Automated Classification of Genetic Mutations in Cancer using Machine Learning
DOI:
https://doi.org/10.3126/sra.v1i1.60140Keywords:
Cancer Cell Line Encyclopedia, Chromatography-mass spectrometry, Genomic, preclinical models, drug sensitivityAbstract
Efforts to decipher the genomic data of cancer and its implications for treatment face challenges.

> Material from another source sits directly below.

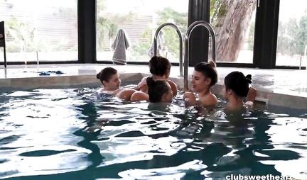 И если кто-то из мужиков на Новый год ходит в баню, то вот эта пятерка симпатичных молодых девушек предпочитает посещать спа-салон на протяжении всего года, наведываясь туда еженедельно по пятницам. И причина столь сильной тяги к купанию в бассейне в том, что девицы ничуть не скромничают, а обязательно в конце помывки начинают ласкать друг друга и гладить во всяких интимных местах, чтобы затем заняться групповым лесбийским сексом. Все верно: лучше заниматься сексом каждую неделю, чем раз в год!

Robust preclinical models reflecting human cancer's genomic diversity, along with comprehensive genetic and pharmacological annotations, can greatly aid in this endeavor. Large collections of cancer cell lines effectively capture the genomic diversity and provide valuable insights into the response to anti-cancer drugs. In this study, we demonstrate significant agreement and biological consistency between drug sensitivity measurements and their corresponding genomic predictors from two publicly available pharmacogenomics databases: The Cancer Cell Line Encyclopedia and the Genomics of Drug Sensitivity in Cancer. Despite ongoing efforts to identify cancer-related metabolic changes that may reveal vulnerabilities to targeted drugs, systematic evaluations of metabolism in relation to functional genomics features and associated dependencies are still uncommon. To gain further insights into the metabolic diversity of cancer, we analyzed 225 metabolites in 928 cell lines representing over 20 cancer types using liquid chromatography-mass spectrometry (LC-MS) in the Cancer Cell Line Encyclopedia (CCLE). The analysis revealed missing data for various features, with certain percentages exceeding 40%, leading to the removal of 12 features according to standard procedures. Further analysis revealed 25 unique chromosomes and 4 unique Variant_Types in the dataset. Model performance assessment showed an accuracy score of 96% using a logistic regression model.